__EXERCISE OBJECTIVE__: Here are the records. Write out exactly the lines between the one holding "Purple Wave is" and the one holding "LG CreateBoard poskytuje", inclusive.

__DATA FOR REVIEW__:
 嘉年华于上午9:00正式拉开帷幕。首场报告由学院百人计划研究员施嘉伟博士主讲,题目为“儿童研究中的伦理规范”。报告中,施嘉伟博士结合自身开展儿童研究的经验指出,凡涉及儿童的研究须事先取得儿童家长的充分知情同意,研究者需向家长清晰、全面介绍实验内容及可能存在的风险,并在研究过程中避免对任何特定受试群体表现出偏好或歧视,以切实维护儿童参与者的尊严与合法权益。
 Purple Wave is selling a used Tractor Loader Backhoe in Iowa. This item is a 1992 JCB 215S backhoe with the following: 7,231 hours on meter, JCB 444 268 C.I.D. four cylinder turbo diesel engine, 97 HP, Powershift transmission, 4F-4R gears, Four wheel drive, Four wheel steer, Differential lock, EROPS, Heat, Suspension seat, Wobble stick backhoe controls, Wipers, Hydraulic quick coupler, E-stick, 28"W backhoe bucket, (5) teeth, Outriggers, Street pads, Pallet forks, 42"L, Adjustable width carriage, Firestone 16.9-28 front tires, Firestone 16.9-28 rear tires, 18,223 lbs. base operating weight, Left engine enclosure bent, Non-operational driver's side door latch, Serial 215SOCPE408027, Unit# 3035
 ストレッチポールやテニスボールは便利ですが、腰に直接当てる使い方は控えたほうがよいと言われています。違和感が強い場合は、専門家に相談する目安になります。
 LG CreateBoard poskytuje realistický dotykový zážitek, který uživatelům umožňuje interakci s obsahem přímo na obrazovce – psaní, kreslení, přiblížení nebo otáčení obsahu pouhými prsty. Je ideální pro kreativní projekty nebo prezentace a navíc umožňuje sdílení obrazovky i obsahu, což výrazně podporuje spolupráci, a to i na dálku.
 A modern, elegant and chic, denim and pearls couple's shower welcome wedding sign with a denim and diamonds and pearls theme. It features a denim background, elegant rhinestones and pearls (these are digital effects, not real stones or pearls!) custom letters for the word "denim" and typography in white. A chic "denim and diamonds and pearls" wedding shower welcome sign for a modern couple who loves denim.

__COMPLETED EXERCISE__:
 Purple Wave is selling a used Tractor Loader Backhoe in Iowa. This item is a 1992 JCB 215S backhoe with the following: 7,231 hours on meter, JCB 444 268 C.I.D. four cylinder turbo diesel engine, 97 HP, Powershift transmission, 4F-4R gears, Four wheel drive, Four wheel steer, Differential lock, EROPS, Heat, Suspension seat, Wobble stick backhoe controls, Wipers, Hydraulic quick coupler, E-stick, 28"W backhoe bucket, (5) teeth, Outriggers, Street pads, Pallet forks, 42"L, Adjustable width carriage, Firestone 16.9-28 front tires, Firestone 16.9-28 rear tires, 18,223 lbs. base operating weight, Left engine enclosure bent, Non-operational driver's side door latch, Serial 215SOCPE408027, Unit# 3035
 ストレッチポールやテニスボールは便利ですが、腰に直接当てる使い方は控えたほうがよいと言われています。違和感が強い場合は、専門家に相談する目安になります。
 LG CreateBoard poskytuje realistický dotykový zážitek, který uživatelům umožňuje interakci s obsahem přímo na obrazovce – psaní, kreslení, přiblížení nebo otáčení obsahu pouhými prsty. Je ideální pro kreativní projekty nebo prezentace a navíc umožňuje sdílení obrazovky i obsahu, což výrazně podporuje spolupráci, a to i na dálku.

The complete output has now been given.